* _Task brief_:
Reproduce only the lines below from the line containing "Dar kesim, uzun" to the line containing "3、装盘出锅,配上番茄酱或者番茄沙司,非常美味。", exactly as written, with both end lines kept. Omit the pictures.

Stored dataset items:
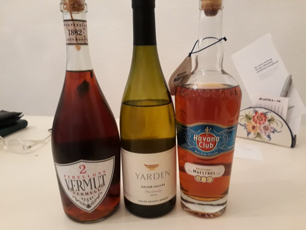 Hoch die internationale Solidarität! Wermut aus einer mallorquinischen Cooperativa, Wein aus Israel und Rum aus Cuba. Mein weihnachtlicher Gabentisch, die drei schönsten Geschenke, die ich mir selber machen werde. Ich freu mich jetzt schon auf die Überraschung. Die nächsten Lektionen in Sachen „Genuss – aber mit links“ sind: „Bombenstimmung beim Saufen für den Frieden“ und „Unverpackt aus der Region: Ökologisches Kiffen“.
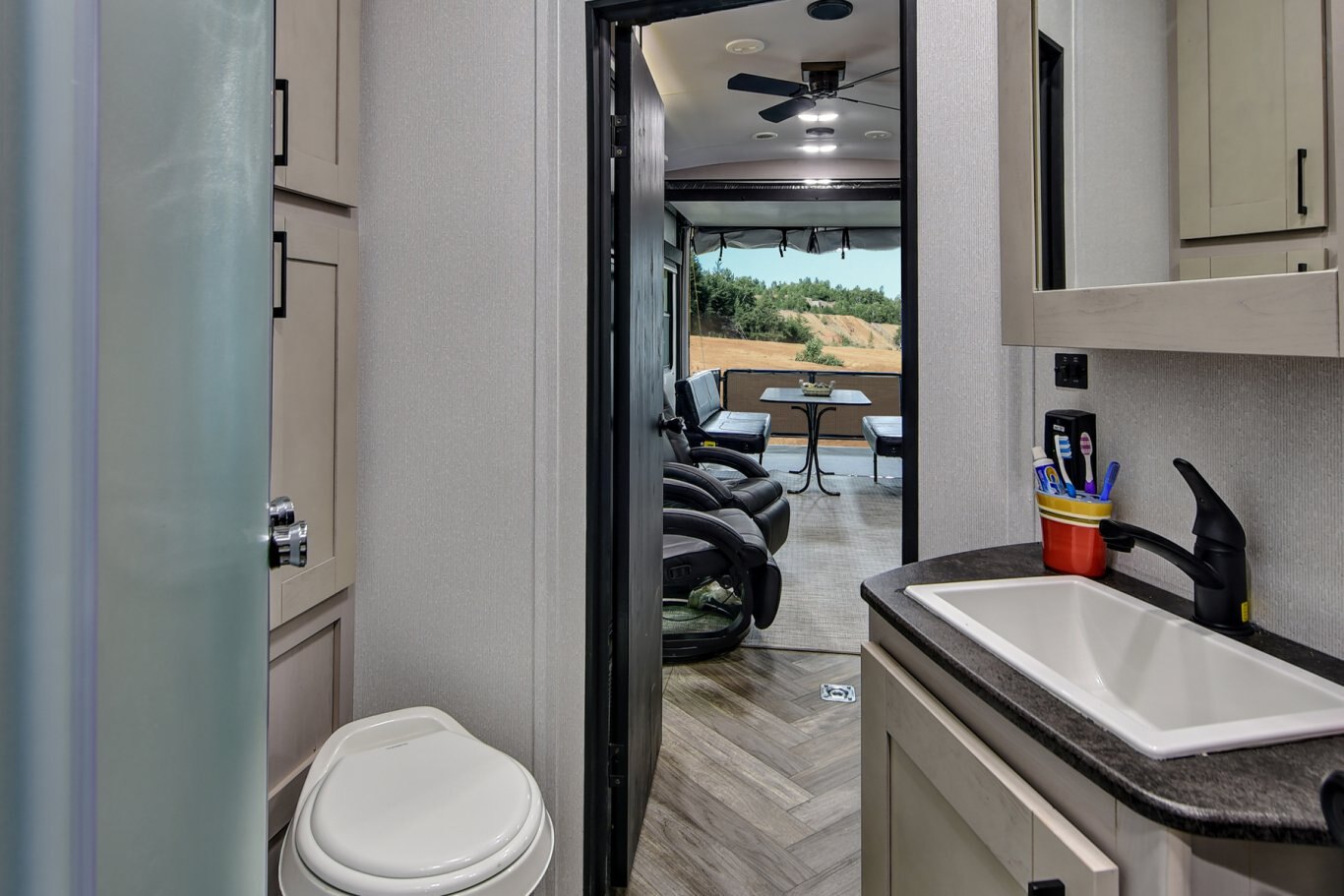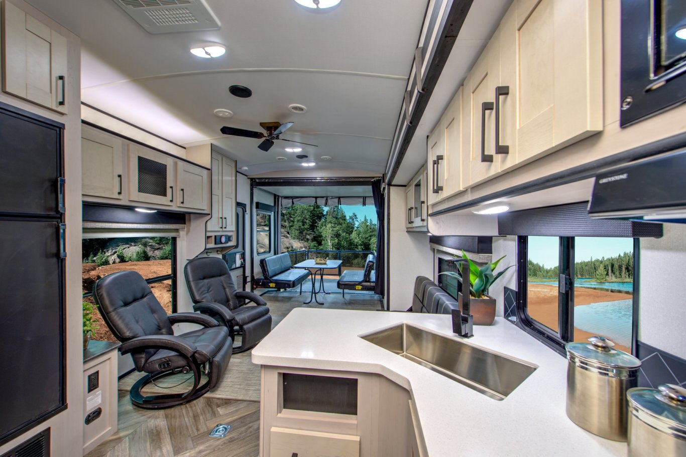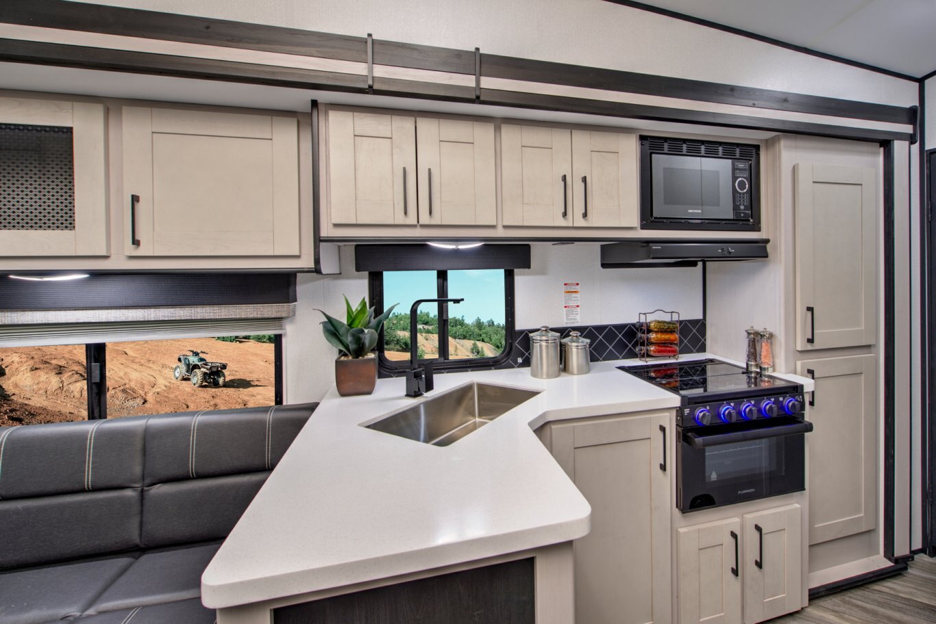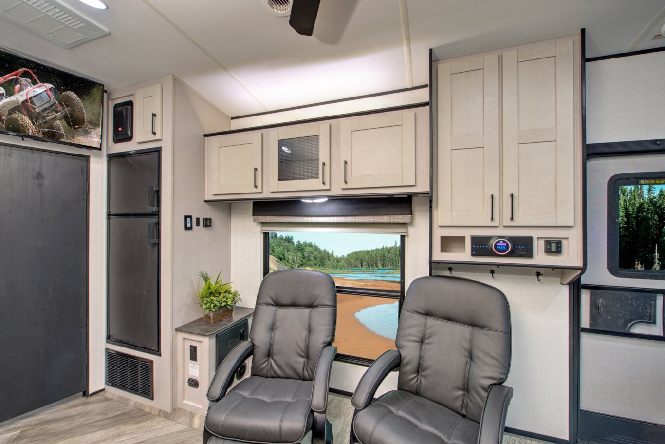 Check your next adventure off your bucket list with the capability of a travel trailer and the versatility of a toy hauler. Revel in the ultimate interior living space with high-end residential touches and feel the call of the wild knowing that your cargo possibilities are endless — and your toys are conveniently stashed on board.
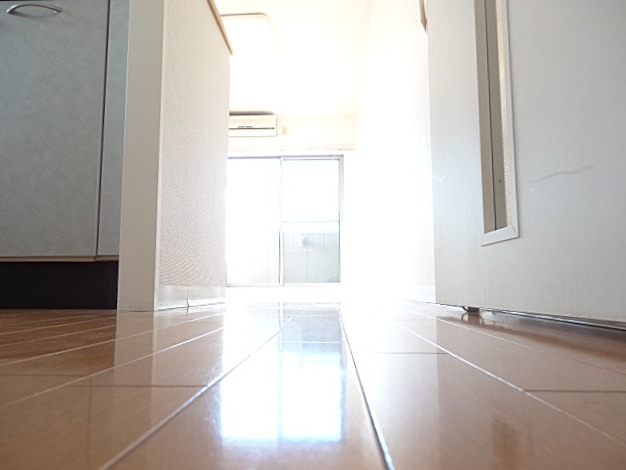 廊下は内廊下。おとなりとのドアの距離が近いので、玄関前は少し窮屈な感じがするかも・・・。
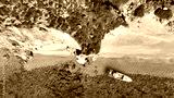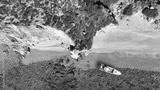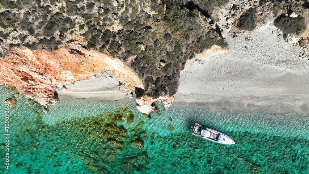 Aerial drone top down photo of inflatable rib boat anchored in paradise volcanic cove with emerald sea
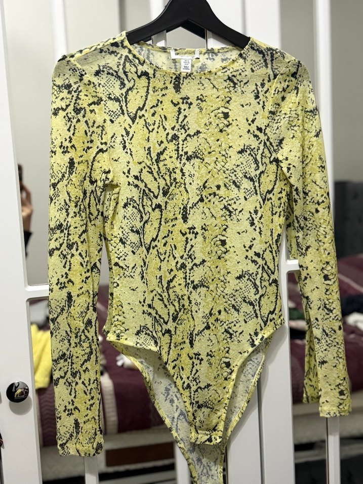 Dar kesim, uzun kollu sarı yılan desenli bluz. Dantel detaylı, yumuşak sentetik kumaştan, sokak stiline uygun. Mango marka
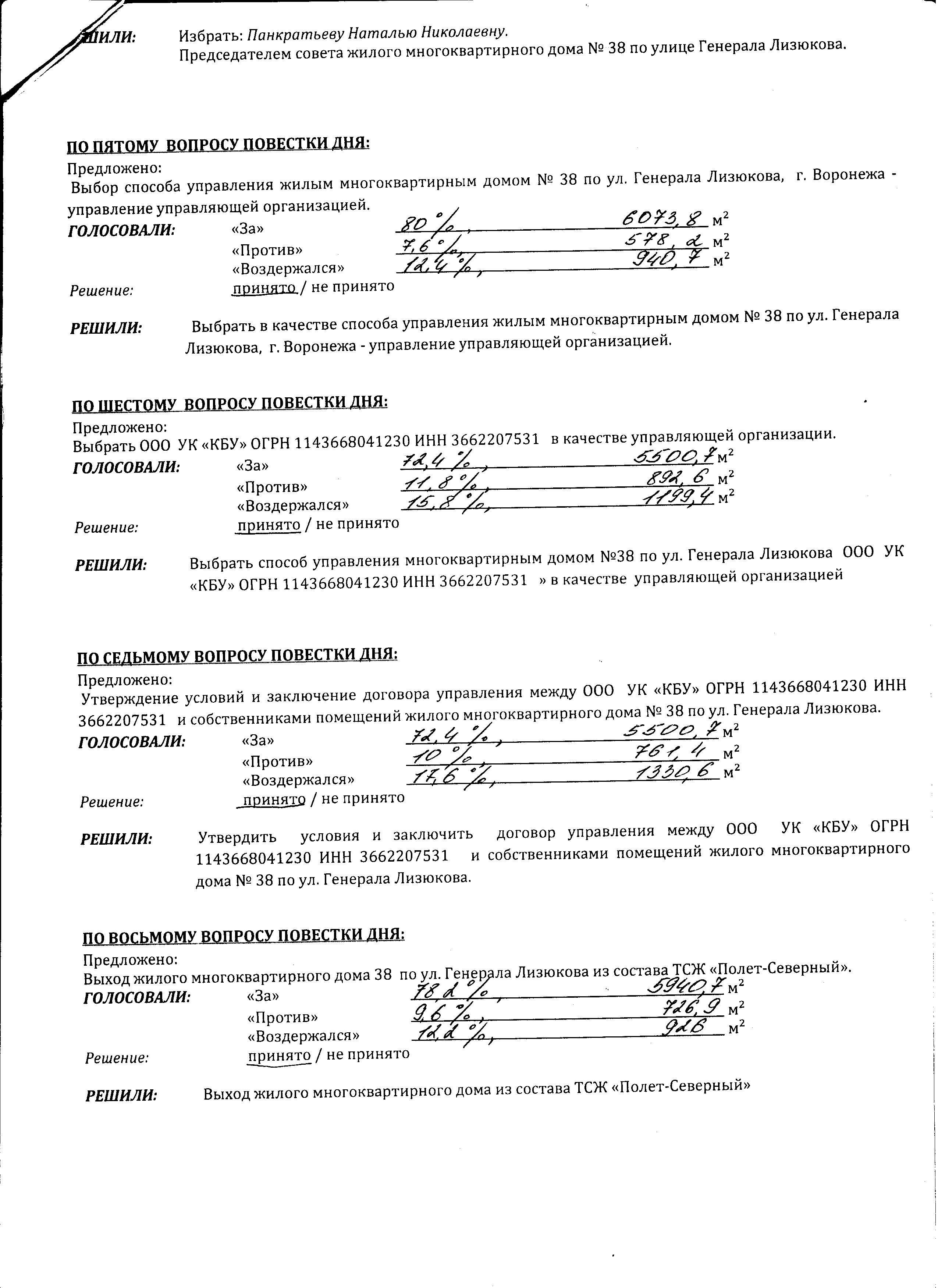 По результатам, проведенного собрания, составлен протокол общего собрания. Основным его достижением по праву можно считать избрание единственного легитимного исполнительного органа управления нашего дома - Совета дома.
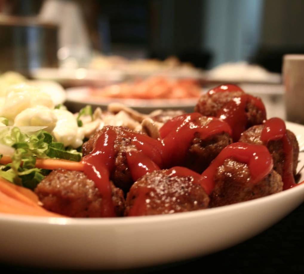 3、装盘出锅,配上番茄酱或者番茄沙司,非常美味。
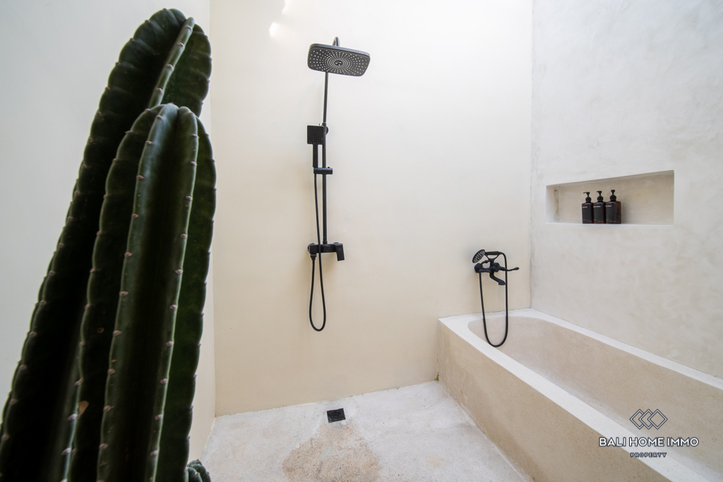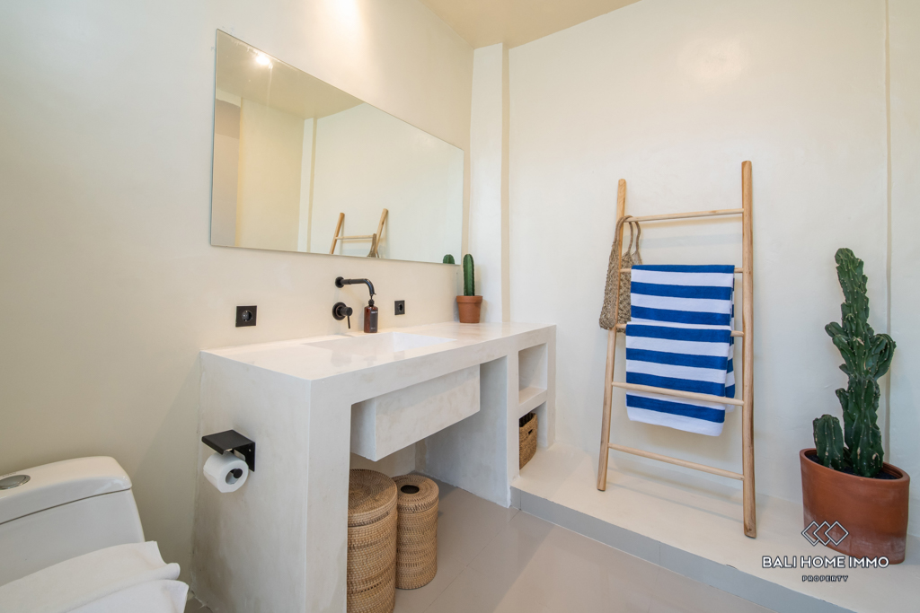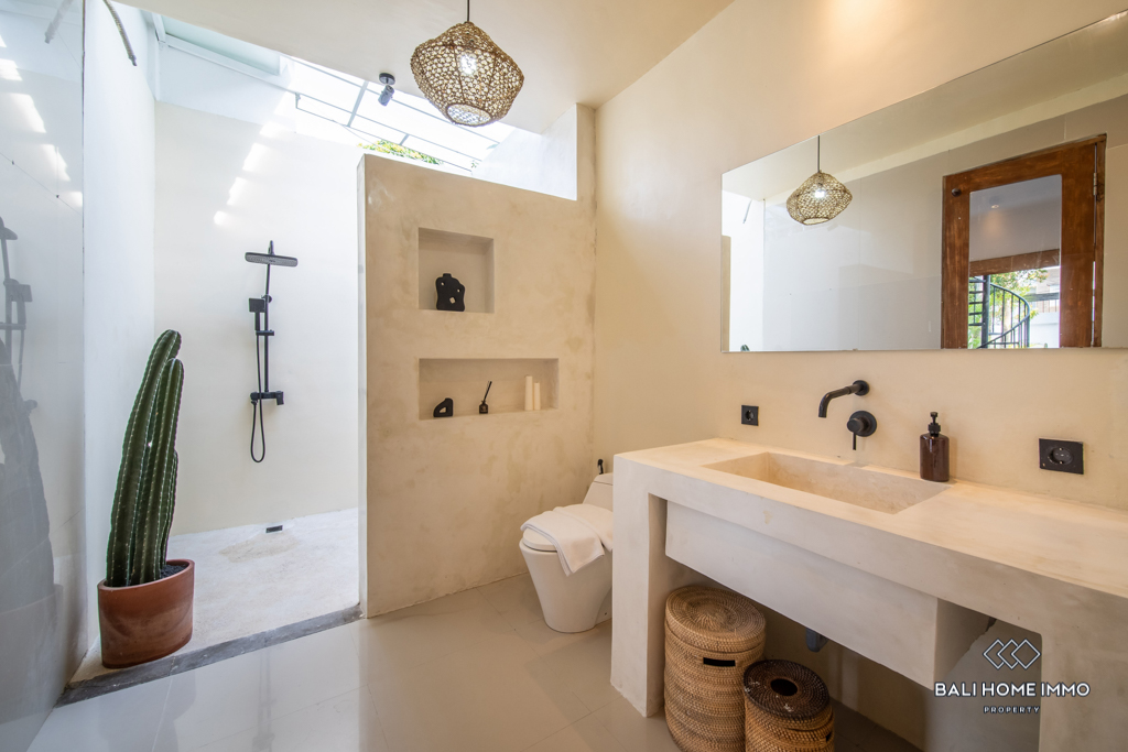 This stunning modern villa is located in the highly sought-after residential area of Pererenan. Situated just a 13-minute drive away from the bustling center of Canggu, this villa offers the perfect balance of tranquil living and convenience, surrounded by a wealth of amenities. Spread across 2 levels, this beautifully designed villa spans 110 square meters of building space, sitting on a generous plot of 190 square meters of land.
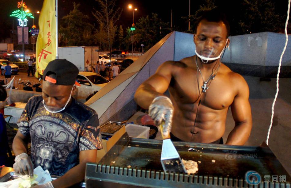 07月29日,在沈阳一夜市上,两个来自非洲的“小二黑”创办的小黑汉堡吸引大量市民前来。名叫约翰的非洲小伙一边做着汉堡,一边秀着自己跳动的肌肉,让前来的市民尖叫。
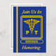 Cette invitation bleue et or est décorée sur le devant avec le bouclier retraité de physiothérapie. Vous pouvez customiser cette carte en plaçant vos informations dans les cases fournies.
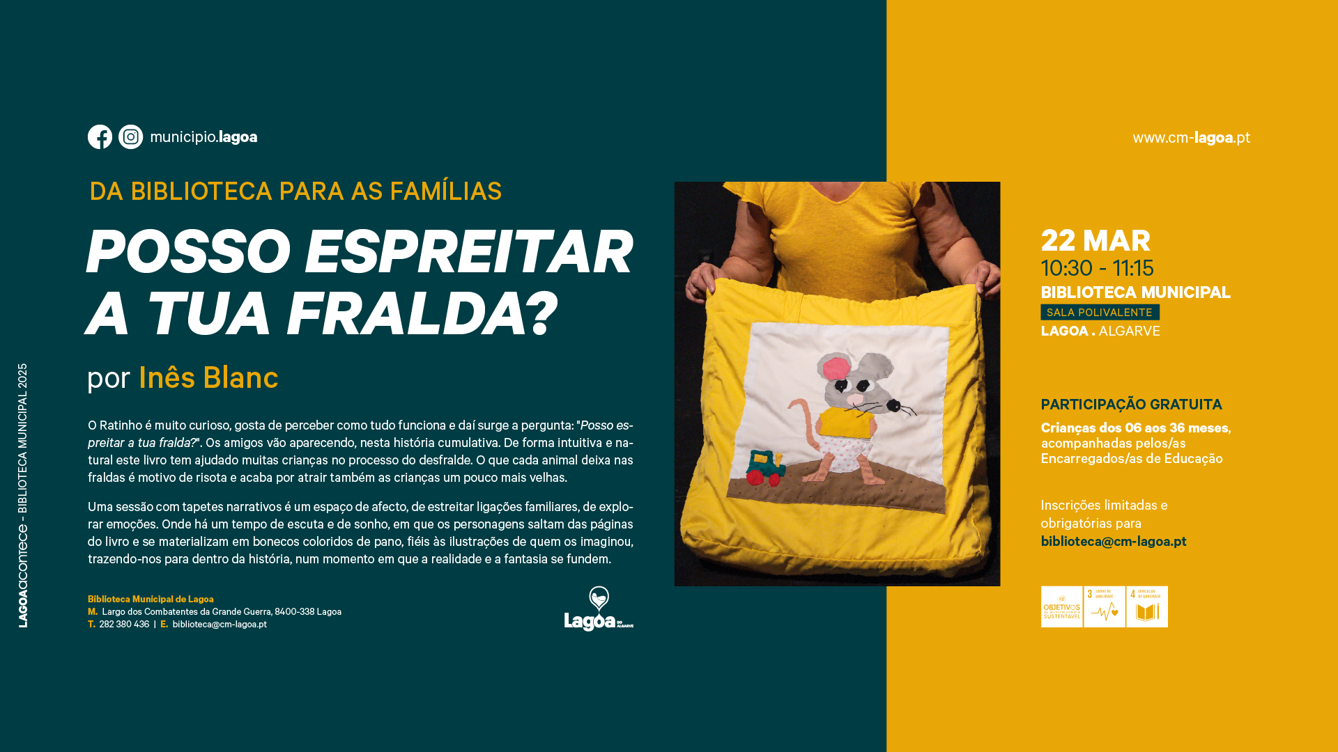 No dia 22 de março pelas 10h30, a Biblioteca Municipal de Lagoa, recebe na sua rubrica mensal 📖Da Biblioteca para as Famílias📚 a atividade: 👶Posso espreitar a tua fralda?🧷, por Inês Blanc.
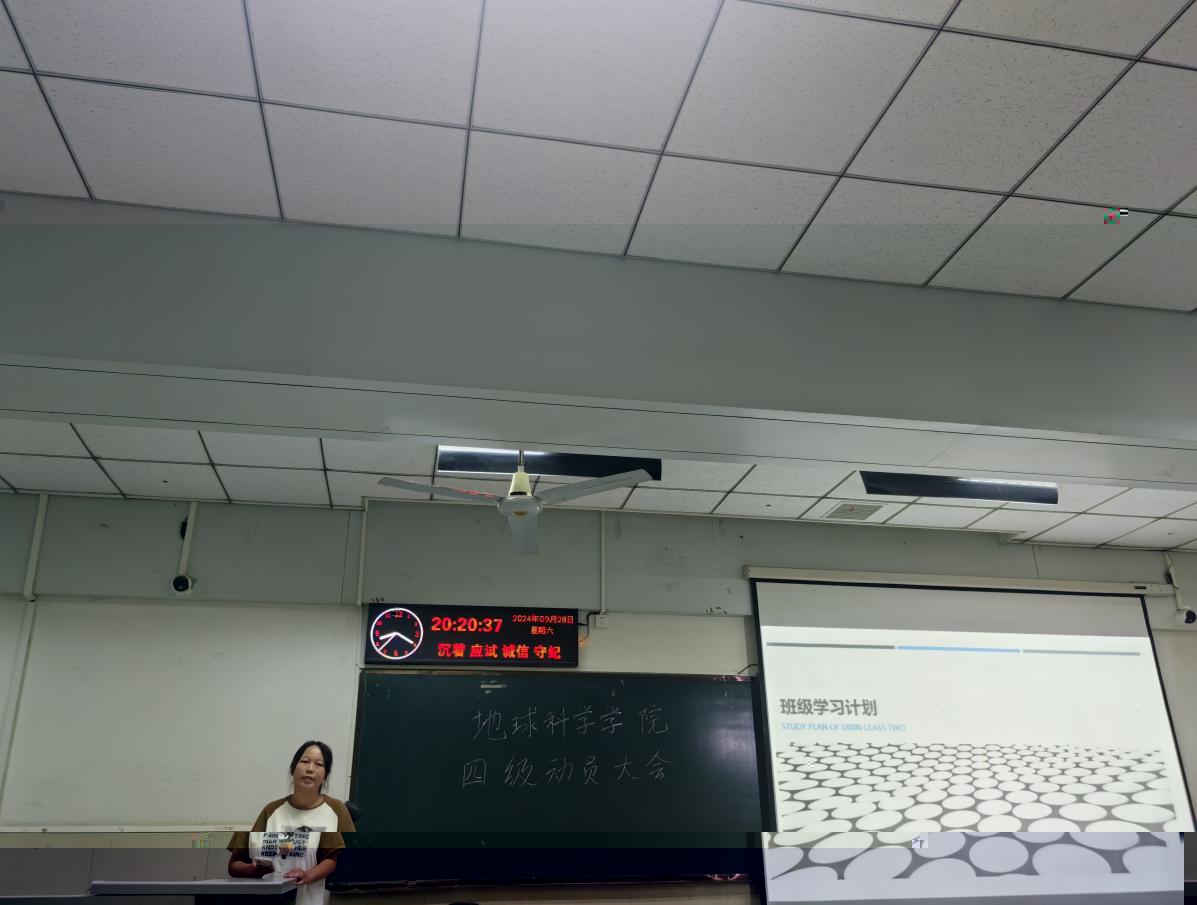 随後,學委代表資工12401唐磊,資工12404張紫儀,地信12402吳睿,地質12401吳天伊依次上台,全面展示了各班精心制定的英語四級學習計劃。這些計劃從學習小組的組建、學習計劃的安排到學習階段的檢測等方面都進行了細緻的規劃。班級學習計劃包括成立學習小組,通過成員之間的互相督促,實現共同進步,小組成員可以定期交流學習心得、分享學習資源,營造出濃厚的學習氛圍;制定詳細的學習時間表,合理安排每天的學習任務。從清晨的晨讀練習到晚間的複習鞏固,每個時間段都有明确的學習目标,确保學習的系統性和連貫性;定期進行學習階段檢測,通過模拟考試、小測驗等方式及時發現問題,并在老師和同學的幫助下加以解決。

* _Your response_:
 Dar kesim, uzun kollu sarı yılan desenli bluz. Dantel detaylı, yumuşak sentetik kumaştan, sokak stiline uygun. Mango marka
 По результатам, проведенного собрания, составлен протокол общего собрания. Основным его достижением по праву можно считать избрание единственного легитимного исполнительного органа управления нашего дома - Совета дома.
 3、装盘出锅,配上番茄酱或者番茄沙司,非常美味。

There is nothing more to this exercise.